Off, of! Herşeyin aksi gittiği bugünde bari becerebildğim bi işe kalkışayım da azcık ağzımız tatlansın demiştim ama, Erol'un işi varmış Ali beyler teşrif ettiler ancak, naapalım.

Neyseki evdeki centilmenler hiç bozuntuya vermeden, güzel olmuş diye diye yediler de az biraz toparladık morali.

26 Haziran 2009 Cuma

teknosa ceksın

Bu sıralar dengem kaydı yine. Bundan bahsedecektim aslında ama Michael Jackson ölmüş, bahsetmeden geçmek olmaz. Mübarek gecede ölmüş, iyi adammış deniyor bi de. Bilemem iyi mi kötü mü. Bu sıralar dünya sadece benim etrafımda dönüyor, maykıl amca diyince şimdi aklıma gelen şey ancak
- hey corç versene borç
- olmaz maykıl, yandan kaykıl
oluyo. İğrencim di mi? Evet öyleyim. Bu daha ne ki? Bu akşam Handbook of CCD Astronomy kitabını aradığımı Ziza'ya anlatmak için kurduğum cümleleri düşününce bu daha ne ki?!?

Salak Teknosa'dan HP Deskjet yazıcı almıştık geçenlerde. Tez meselesine ciddi ciddi el atınca, ekrandan makale okumak vs. eziyet olunca, eve yazıcı şart oluyor. İleride daha iyisini alırız şimdilik işimizi bu görür, diyip 63 TL'ye aldık bi kıytırık bişiy ama sonra bi şekilde renkli lazer printer çıkınca cikletten, HP'yi geri verelim bari dedik. Dedik ama Teknosa'lı üstünzekalı insanlar bize dedi ki: "biz yazıcıyı geri alırız, ancak nakit vermeyiz paranızı çek veririz, üstelik de %15 kesinti yaparız ve bi de içindeki kartuşları açmış kullanmış olduğunuz için onları satın almanız gerekir".
Biz de dedik ki: "diyelim ki kabul: bir renkli bir siyah kartuş kaç para ediyo, bi diyin hele" kabul edeceğimizden değil de olayın saçmalığını göstermek için tabii.
Dediler ki "67 TL"
dedik ki "yani sizden 63TL'ye aldığımız yazıcıdan kurtulmak için üstüne 67 TL daha vermemiz gerekiyor size, öyle mi?"
Dediler ki "öyle"
Dedik ki 1 nisan geçeli çok oldu, toplayın aklınızı başınıza höööööyttt!
Biz böyle diyince akıllandılar, %15 kesintili alışveriş çekimizi verdiler. Biz de o paraya kablosuz klavye ve fare takımı aldık. Aldık almasına da ben yine de sevmedim bunu çünkü bu klavye takılıyo. Mesela geçen gün firefox'da yeni bir sekme açmak için Ctrl+T'ye bastım bir kez ama bu akıllı klavye takıldı ve n~sonsuz adet yeni sekme açtı. Açılan sekmeleri kapatma çalışmam yaklaşık 10 dk sürdü! Bi de mesela bu akşam perişte ile çettirirken de takıldı seksen kere falan filan. Uf uyuz oldum bu klavyeye işte.

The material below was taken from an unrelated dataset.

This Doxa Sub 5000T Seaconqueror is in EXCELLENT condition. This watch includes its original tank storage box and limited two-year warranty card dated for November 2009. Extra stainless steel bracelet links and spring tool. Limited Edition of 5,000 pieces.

Sonra bi de dün gittik office1süperstore'dan yeşil kağıt aldık bana. Çok sevdim kağıtlarımı. Referans makalelerimin bi kısmını o yeşil kağıtlara çıktı aldım, çok güzel oldular, ama bi dolu oldukları için hem kağıtlarım çok az kaldı hem de siyah tonerim azaldı :(

sonra farkettik ki biz bu sene 12 ağustos'ta olsun düğünümüz diye heves ederken ailelerden yediğimiz goller sonucu gelecek yaza ertelediğimiz bu olay ramazana denk gelmekte. Şimdi işin gücün yoksa Perseid'lere de ki 2010'da biraz erken yağar mısınız lütfen? peeehhh! çok keyfim kaçtı!

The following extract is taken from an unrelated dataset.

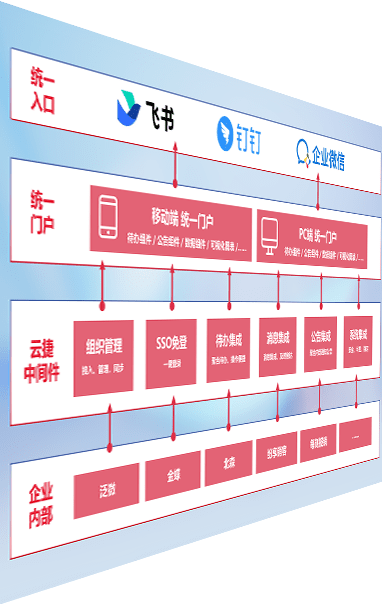 对协作平台提供支持服务,,支持企业应用与协作平台对接,,,,包含组织同步、、、、消息集成、、、、待办集成等。。。。支持目前主流的协作平台:钉钉、、、、企微和飞书。。
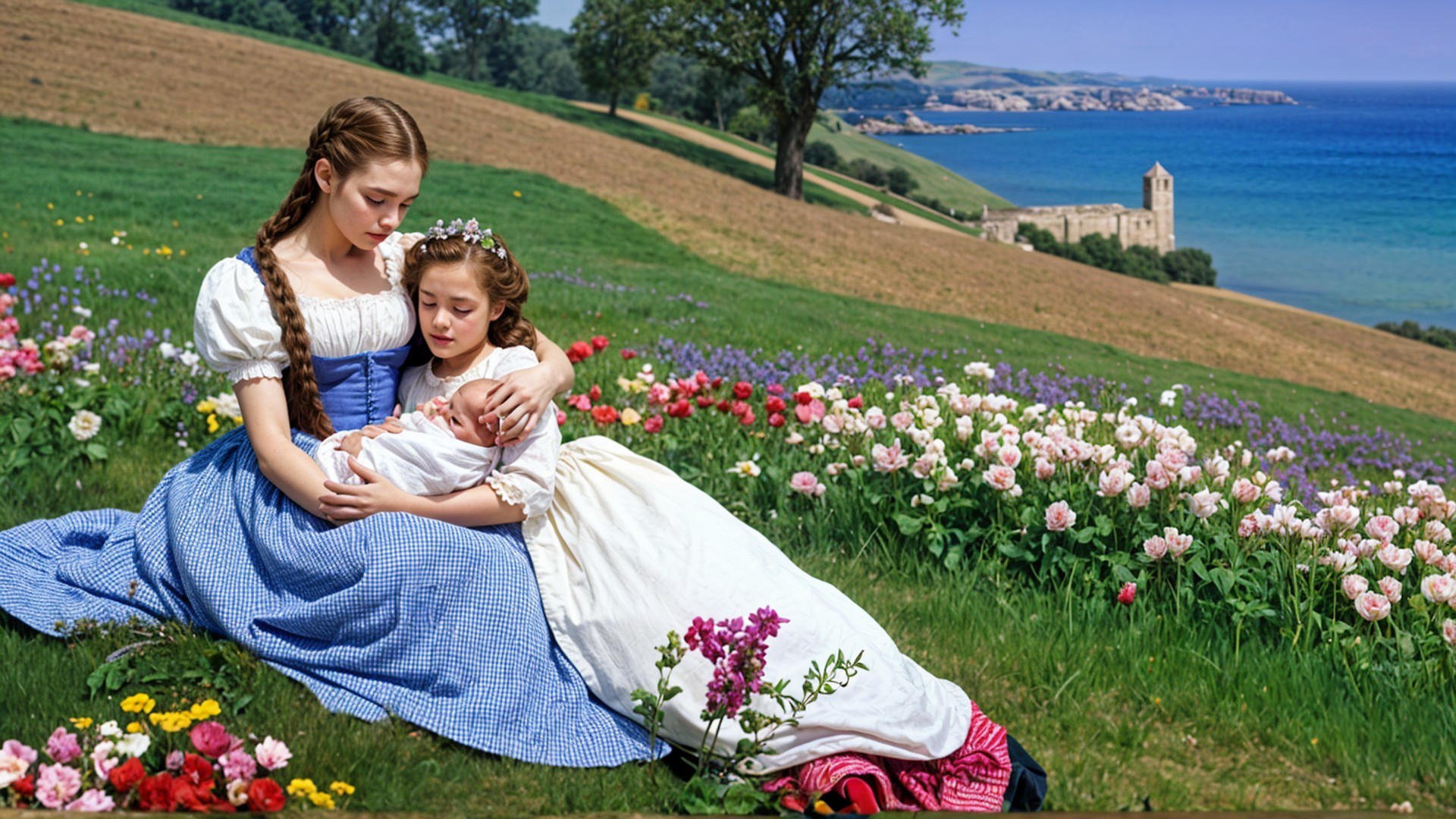 A serene outdoor scene featuring a mother cradling a baby, surrounded by two young girls. Lush greenery and soft sunlight enhance the peaceful, nurturing atmosphere.

Gece gece az önce ev halkı ve bir kaç misafirimiz basket oynamaya gidiyoruz diye düştü yola, e malum ben de tek başıma evde kalacak değilim, takıldım peşlerine. Kayseri'de gecenin bi yarısı okul bahçesine dadanmadığım kalmıştı, onu da yaptım tam oldu şimdi.

Sonra başka nooldu acaba diye düşünüyorum... Ha, kuzenim evlendi, bu bahane ile sevdiceği baba tarafımla tanıştırıcam derken kinderden bi de babam çıktı. Singapur'dan gelmiş düğüne, ben de babalar günü hediyesi olarak damadıyla tanıştırdım kendisini. Biraz yadırgadı galiba ama alıştı sonra. Hatta bi ara aştı kendini, gelip isteyeceklerse falan dedi ama "hop dedik abi bu da laf mı yani"

Ha bi de işte maykıl amca ölmüş.
Benim keyfim kaçık, işim çok...
başım ağrıyo, uykum yok, heroes izlemek istiyorum ama memo tv izliyo şimdi. bi de buzdolabındaki karpuzu kestim ama ısınana kadar sevdicek onu yer bitirir muhtemelen. neyse naapalım, afiyet bal şeker olsun.

ha bi de bi deee, hafta sonu ilkokuldaki kankamın düğünü var Eskişehir'de, sevdicekle birlikte oraya gitmek istiyorum, hem yol üstünde Ankara var diye Zerrincim'i de görücez, üstelik teyzem de yazlıktan dönüyomuş, onu da özlemiştim, onunla da hasret gideririz... Ama yine de Ankara sorunlu şehir, herkes ayrı bir ilgi alaka bekliyo o yüzden zor oluyo ama yine de çok özlüyorum herkesi. Özlemeye bi çare bulunmalı. Bu arada bunları yazarken uykum da geldi artık, gidip yatıyım bari.